The Life-Save project aimed to turn cars with conventional combustion engines into hybrid vehicles, running at least partly on solar energy.
One vehicle equipped with the experimental technology caught fire last Friday, seriously injuring the two people who were on board.
Maria Vittoria Prati, a researcher at Italy’s National Council of Research (CNR), died of complications from third-degree burns on Monday.
The other occupant, research apprentice Fulvio Filace, died overnight, a spokesperson for the Cardarelli hospital in Naples said on Thursday.
Both Prati and Filace were hospitalised “in very serious conditions” but there was more hope of saving Filace “given his younger age,” the spokesperson, Pietro Rinaldi, said.

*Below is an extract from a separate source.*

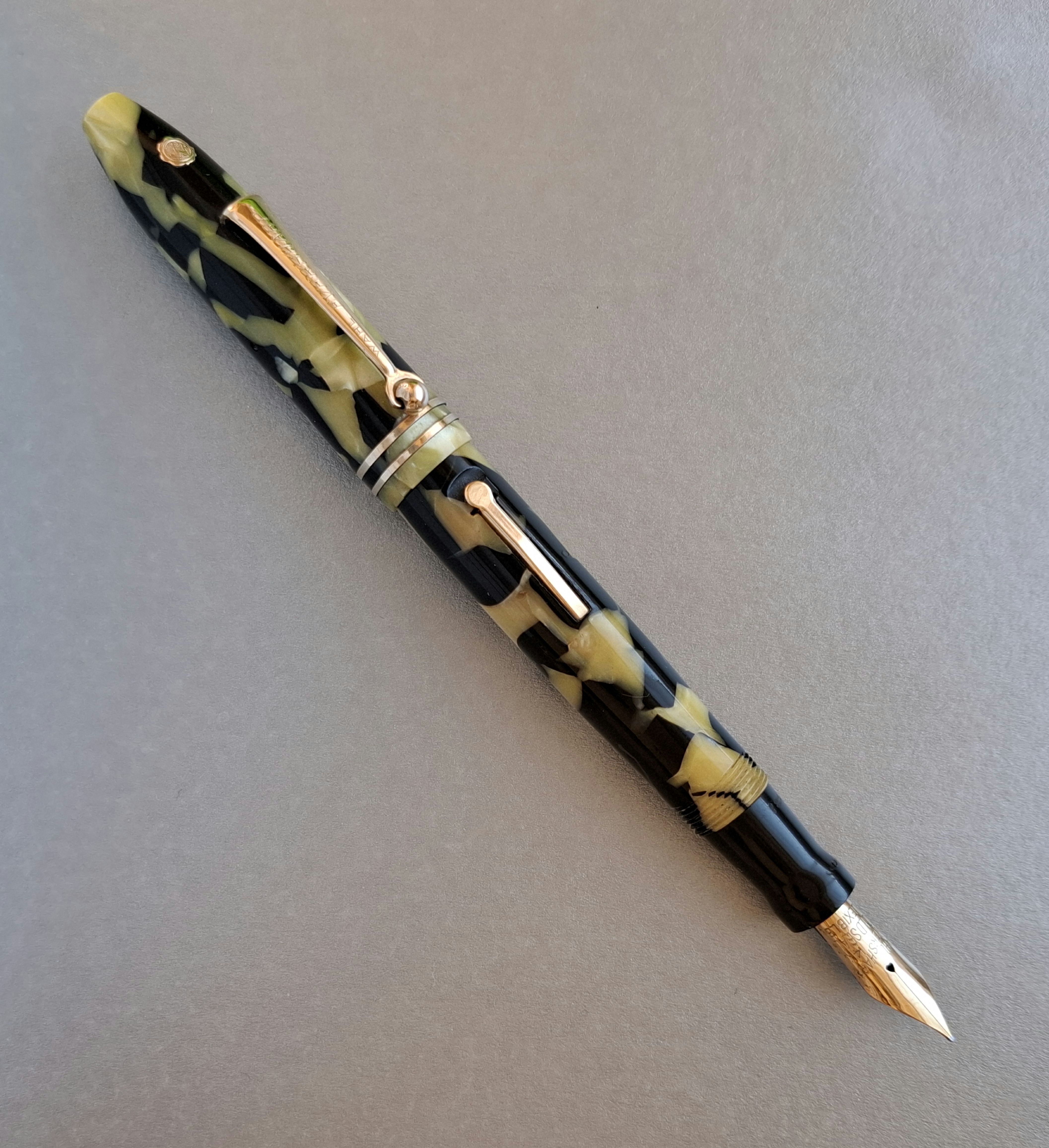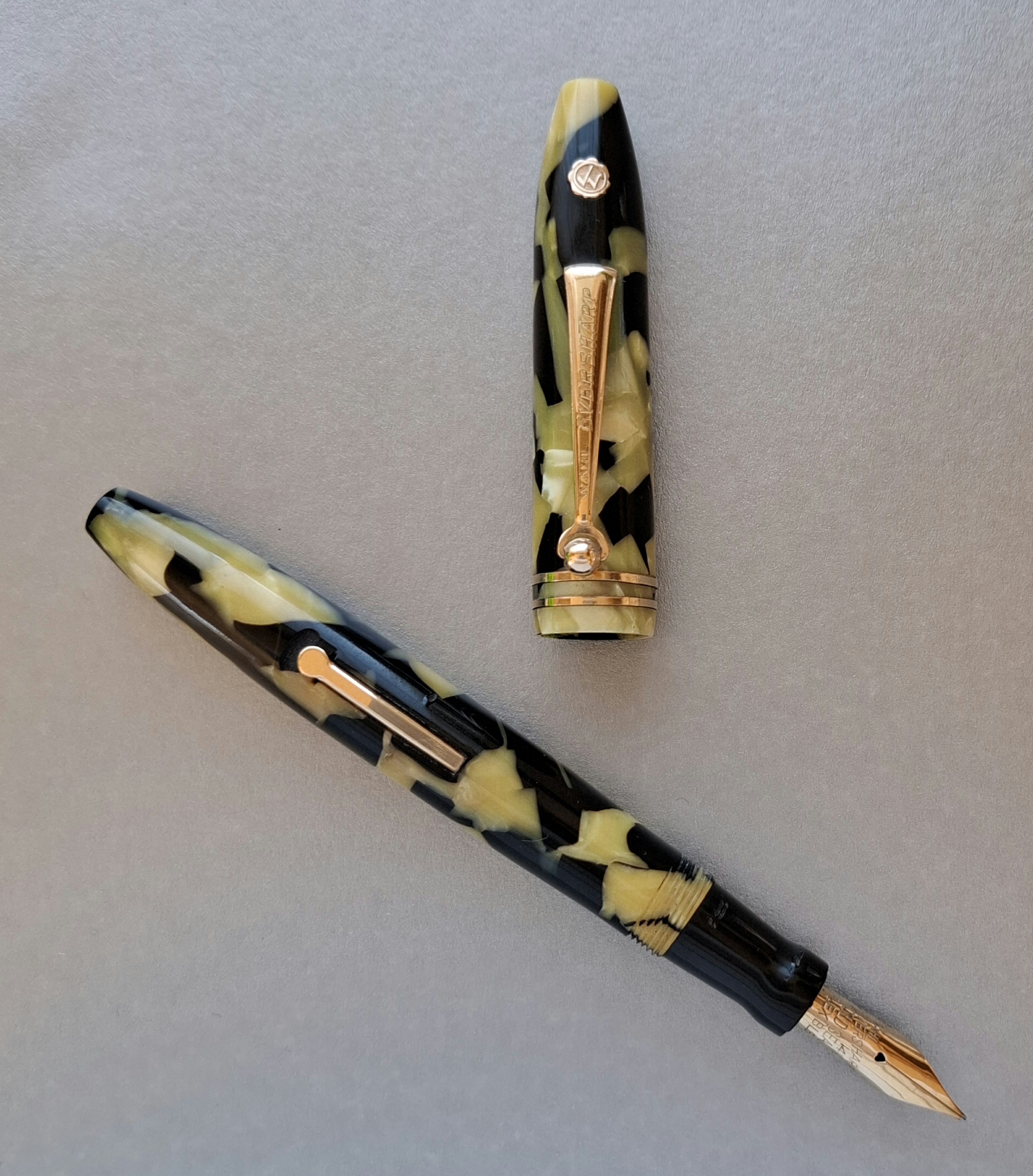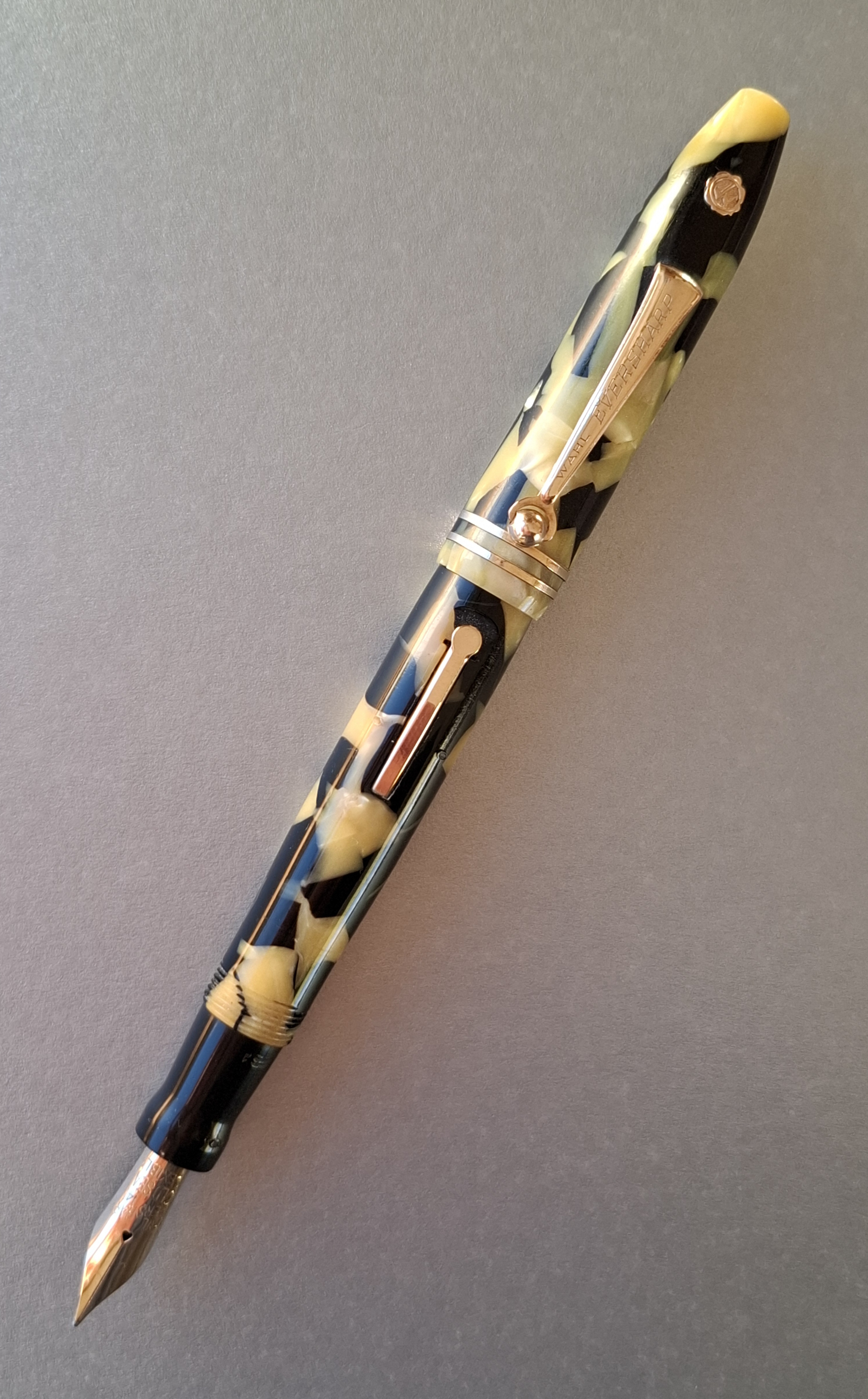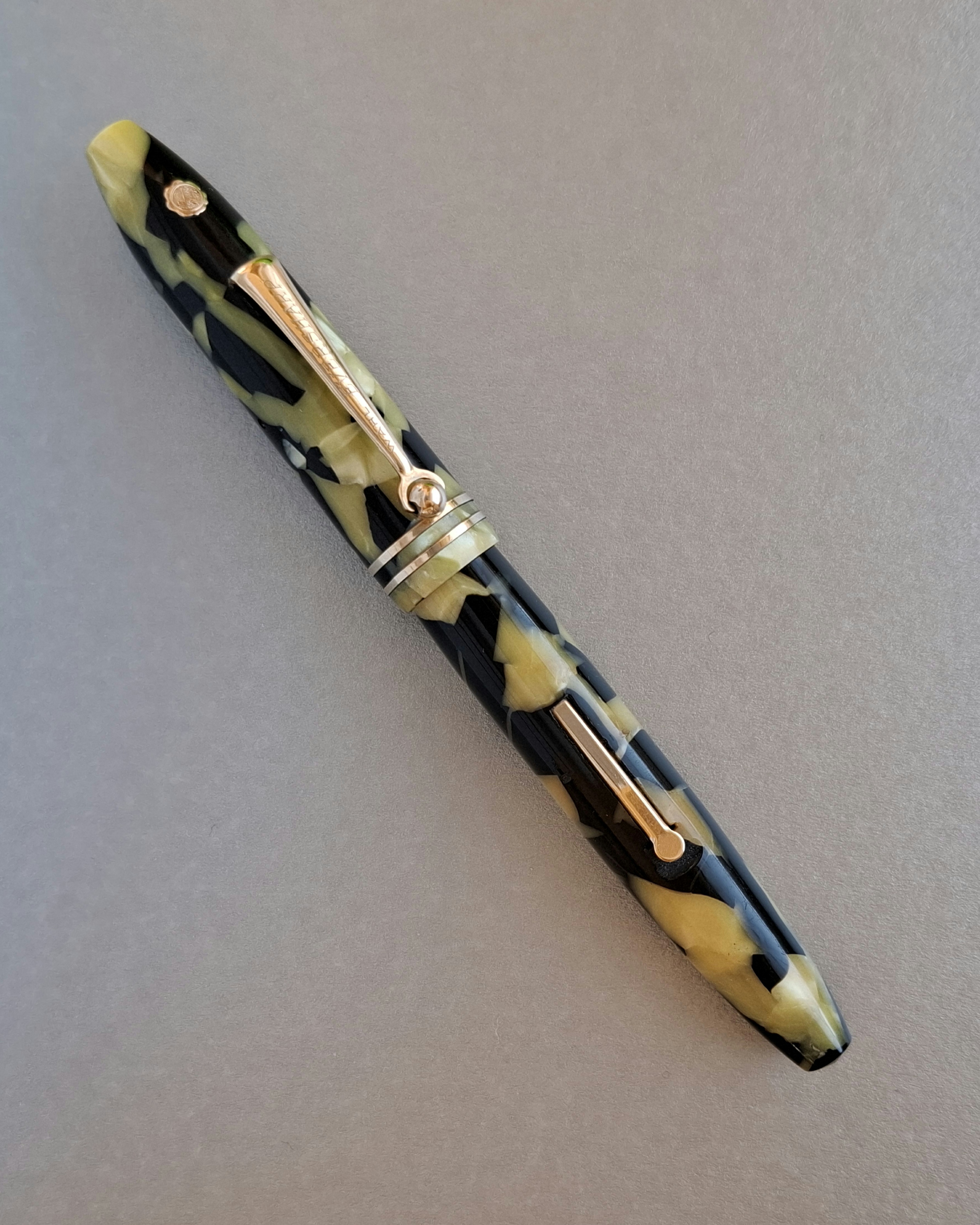 La penna WAHL-EVERSHARP PERSONAL-POINT EQUI-POISED GOLD SEAL misura unica con CLIP nel colore BLACK AND PEARL seconda versione*, in celluloide tornita dal pieno, parti metalliche a vista laminate oro, con cappuccio a vite, corretto pennino intercambiabile Wahl-Eversharp “Flexible” in oro 14 carati, caricamento a levetta. Produzione U.S.A., anno 1929.

“But it was not enough,” he added.
Naples prosecutors are trying to find out what caused the explosion, but their investigation is for the moment not targeting any specific suspect, ANSA said.
Expressing “great shock and sorrow” for the deaths, the CNR said on Thursday it had started an internal audit and was cooperating with the investigations.
Earlier this week, the CNR paid tribute to Prati as “a brilliant researcher” and “an authority in the field of the study of emissions and the use of alternative fuels.”
eProInn, a spin-off of the University of Salerno in southern Italy that had a lead role in the Life-Save project, was working on retro-fitting conventional cars with solar-hybrid powertrains.
Its patented idea was to equip regular production cars with additional electric motors, charged by a battery and solar panels fitted on the roof and the bonnet.